**SUPPLIED RECORDS**
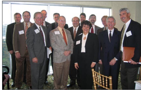
Members of CELSOC San Diego attended the annual Legislative Visit Day January 30, 2006
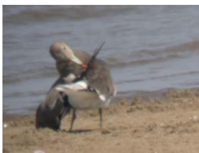
Sooty Gull at Fujairah beach

We moved off inland to the Hatta Dams in search of Lappet-faced Vulture and House Bunting. We were relatively unsuccessful, but managed nice close views of Desert Lark . Neil & Nev saw a House Bunting , but we saw little else. This site is also known as good for Lichtenstein's Sandgrouse at dusk, but they are very difficult to get!
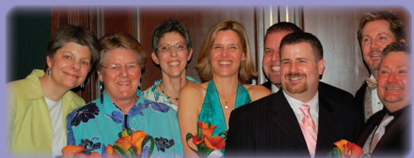
The happy newly-weds.
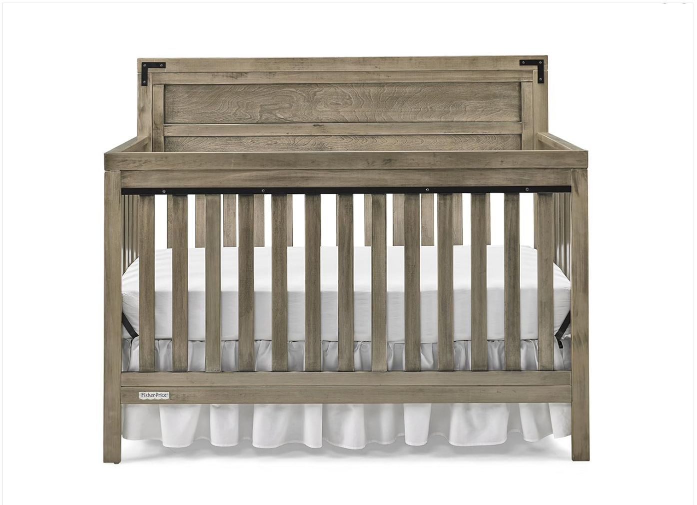
Image: The Fisher-Price Paxton 4-in-1 Convertible Crib in its standard crib configuration, showcasing its Vintage Grey finish and sturdy wooden construction.
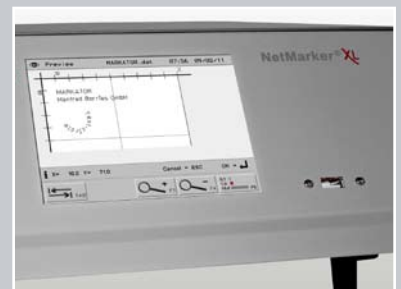
Large Colour LC Display and USB-slot on the front panel
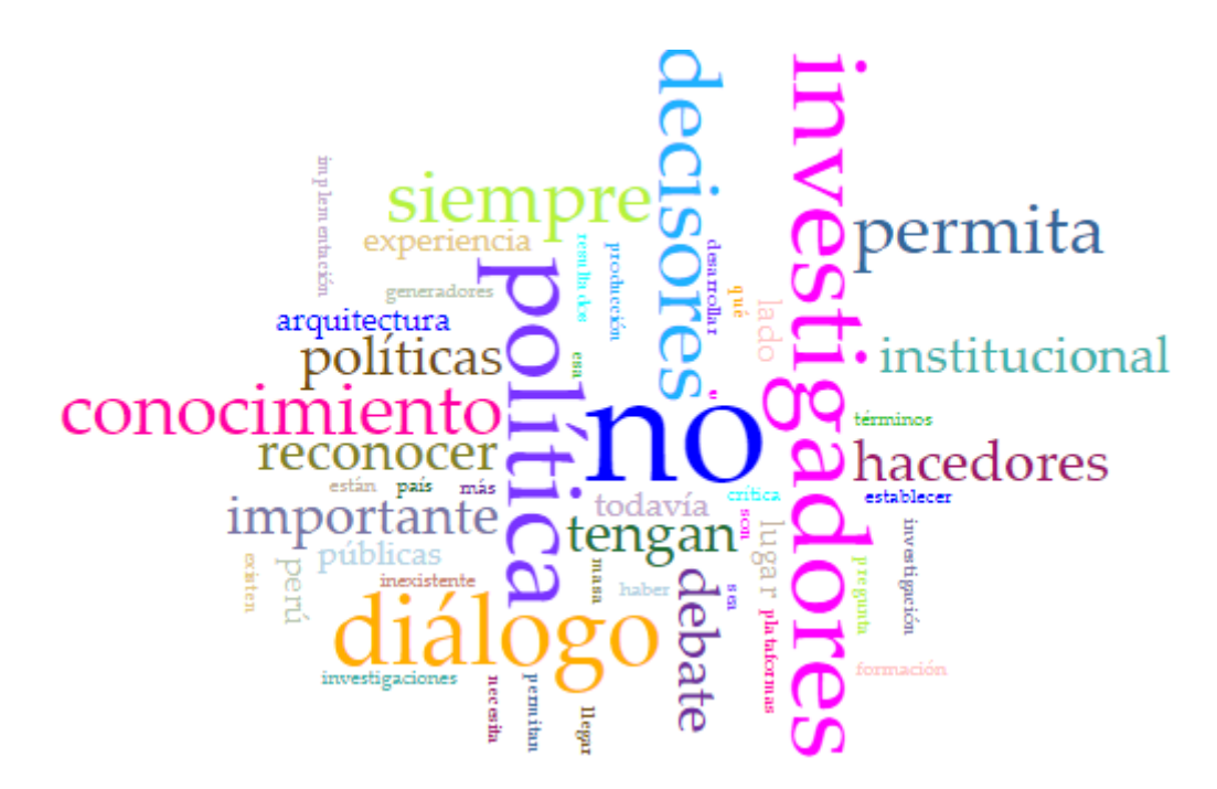
Figure 5 . Word cloud of the answer to the question: What should scientists and policymakers do to ensure research results are incorporated into programs?
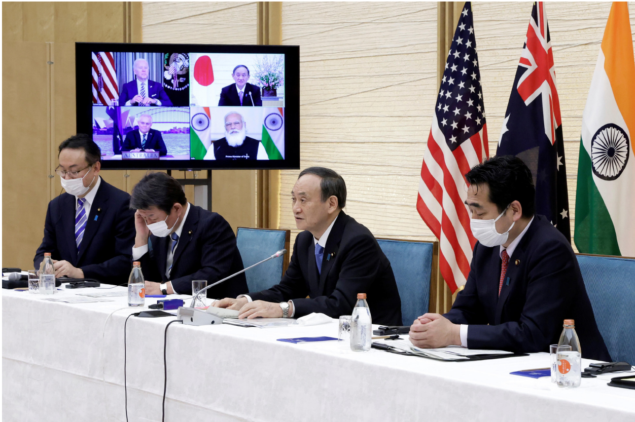
Yoshihide Suga, Japan's Prime Minister, second from left, speaks while a monitor displays U.S. President Joe Biden, Scott Morrison, Australia's Prime Minister, and Narendra Modi, India's Prime minister, during the virtual Quadrilateral Security Dialogue (Quad) meeting at his official residence in Tokyo, Japan, on Friday, March 12, 2021.

NATO engagement with democracies in Asia and other regions is highly desirable. However, NATO's focus is on mutual defense and security cooperation, whereas current threats and challenges will require coordinated action on a wider range of diplomatic activities, such as sanctions, foreign assistance, and technology coordination. Other important priorities, such as the promotion of democracy and human rights, remain largely outside NATO's purview, and could distract from its core mission. 32

**TASK TO COMPLETE**
Set every line of the records down again exactly, and exclude all pictures.

**RESULT FOR THIS TASK**
Members of CELSOC San Diego attended the annual Legislative Visit Day January 30, 2006
Sooty Gull at Fujairah beach

We moved off inland to the Hatta Dams in search of Lappet-faced Vulture and House Bunting. We were relatively unsuccessful, but managed nice close views of Desert Lark . Neil & Nev saw a House Bunting , but we saw little else. This site is also known as good for Lichtenstein's Sandgrouse at dusk, but they are very difficult to get!
The happy newly-weds.
Image: The Fisher-Price Paxton 4-in-1 Convertible Crib in its standard crib configuration, showcasing its Vintage Grey finish and sturdy wooden construction.
Large Colour LC Display and USB-slot on the front panel
Figure 5 . Word cloud of the answer to the question: What should scientists and policymakers do to ensure research results are incorporated into programs?
Yoshihide Suga, Japan's Prime Minister, second from left, speaks while a monitor displays U.S. President Joe Biden, Scott Morrison, Australia's Prime Minister, and Narendra Modi, India's Prime minister, during the virtual Quadrilateral Security Dialogue (Quad) meeting at his official residence in Tokyo, Japan, on Friday, March 12, 2021.

NATO engagement with democracies in Asia and other regions is highly desirable. However, NATO's focus is on mutual defense and security cooperation, whereas current threats and challenges will require coordinated action on a wider range of diplomatic activities, such as sanctions, foreign assistance, and technology coordination. Other important priorities, such as the promotion of democracy and human rights, remain largely outside NATO's purview, and could distract from its core mission. 32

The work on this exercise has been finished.